Harry's eyes met hers once again. As she saw the honesty and pain there, she fell apart. "You can't die. I won't let you."
"I don't think it's really up to you," he said softly.
"It is," she said, her eyes shining now with determination. "I am not letting you die. And I am not letting you draw back up into yourself. Like I said, you can't fight this battle alone. I'm here alongside you. You are not going to push me away." With that, she stood up and walked, standing taller than Harry had ever seen her stand, over to where she'd left the book. Wordlessly, she took the broken sheet out of the book. Looking over it silently, she reached over Harry to retrieve her wand. "Engorgio," she said clearly, without the least hint of a shake in her voice. The sheet grew and unfolded, finally becoming as large as the coffee table before she stopped it. "Sutura entiro." The Standard Book of Spells, Chapter 9's Seamless Spell took effect and the cracks and torn lines disappeared. She was left with a large, whole, and perfect sheet of paper, with the inscription written in big, neat letters.
"Hermione--"
"Wait, this won't do," Hermione interrupted him, thinking out loud. "Accio mirror." The mirror came hurling down the stairwell, hitting several walls as it came. It finally settled onto the coffee table next to Hermione's paper. Bending over it, she frowned. She waved her wand broadly over the mirror, slowly repeating an incantation that Harry hadn't heard before. The inscription on the mirror glowed a bright orange and the letters on Hermione's sheet began to morph, as if they were mere liquid. "Handwriting transfer charm," she said to herself. "There might be some meaning in the handwriting." True to form, the letters on the paper soon became exact copies of the strange script that occupied the back of the mirror.
"Hermione?"
She wasn't paying attention. She was entirely focused on the oversize words on the paper in front of her.

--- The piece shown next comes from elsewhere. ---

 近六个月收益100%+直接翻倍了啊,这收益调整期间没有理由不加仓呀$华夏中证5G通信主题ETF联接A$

"Hermione!" Harry half-yelled, turning her to face him with a quick hand on her shoulder.
Her eyes went wide in fear for a split second, but focused so quickly that Harry couldn't even be sure that he'd seen the terror in them. "What?"
"You were ignoring me."
"I was trying to interpret this."
His eyes narrowed. "I just told you that my chances of being killed in a painful and violent way, very soon, are very high. And you're ignoring me."

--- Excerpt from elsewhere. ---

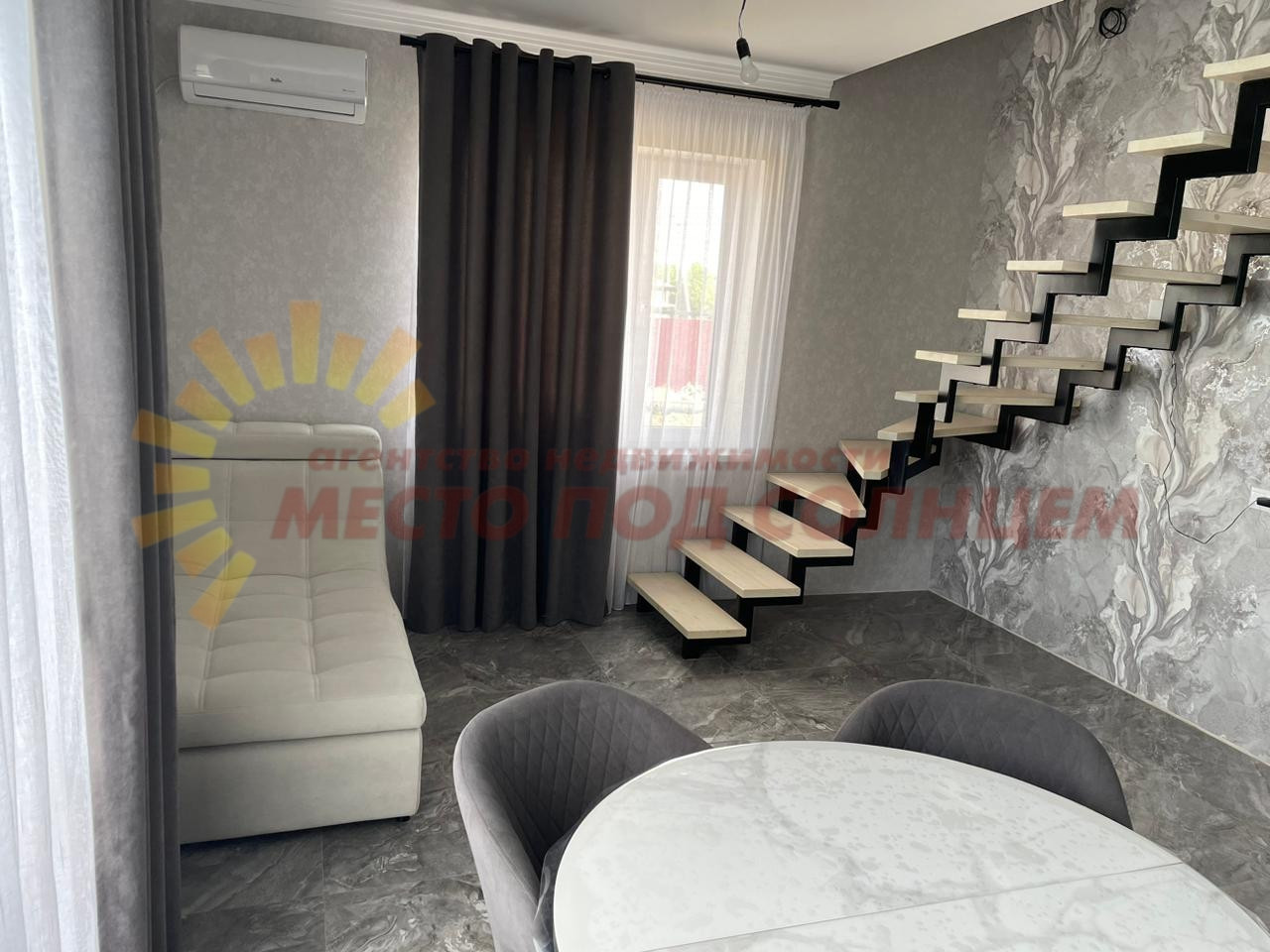 На первом этаже расположены: кухня23,7 м2 + 1комната 23,7 м2.

"What would you rather I do, cry? Fall apart?" she shot back tersely.
"I don't know, Hermione, but either of those options seemed more like what I was expecting from you."
Eyes narrow and fierce, she demanded, "What you were expecting from me? Why? Because I'm the delicate little girl? Because that's what girls do?"
"I didn't say anything about being a girl, Hermione."
"Why then? Because I'm weak? That's just what I do? Fall to pieces? I've got news for you. I've been there with you in every battle, every single one. I've put up at least the fight you have in every single one."
"I know you have," he said, trying again to control his temper.
"And I know there's no logical good in just sitting and crying over spilt milk--"
"My life is not spilt milk, and you've cried over it more than once."
"I realize that. But it's not exactly new... your life has always been in danger--"
"It's slightly different this time!" he fumed.
"No, it's not," she shot. Her voice grew more and more tense and louder until she was nearly yelling. "You're in danger, there's a chance of you dying, same as it always has been. And, unlike you, I am actually doing something to try to prevent you from dying. I'm not sitting around pitying you. I'm trying to decode this and maybe it would help you. If you'd rather have me sit here and cry, let me know." With that, she stormed out of the room, up the stairs and toward what Harry assumed was her makeshift room.
His fury finally boiling over, he grabbed once again for the closest thing to him-- the mirror-- and threw it, with as much force as he had within his young, powerful body. As he watched it shatter once again before his eyes, he fell backward onto the sofa, some foreign emotion within him pulling painfully.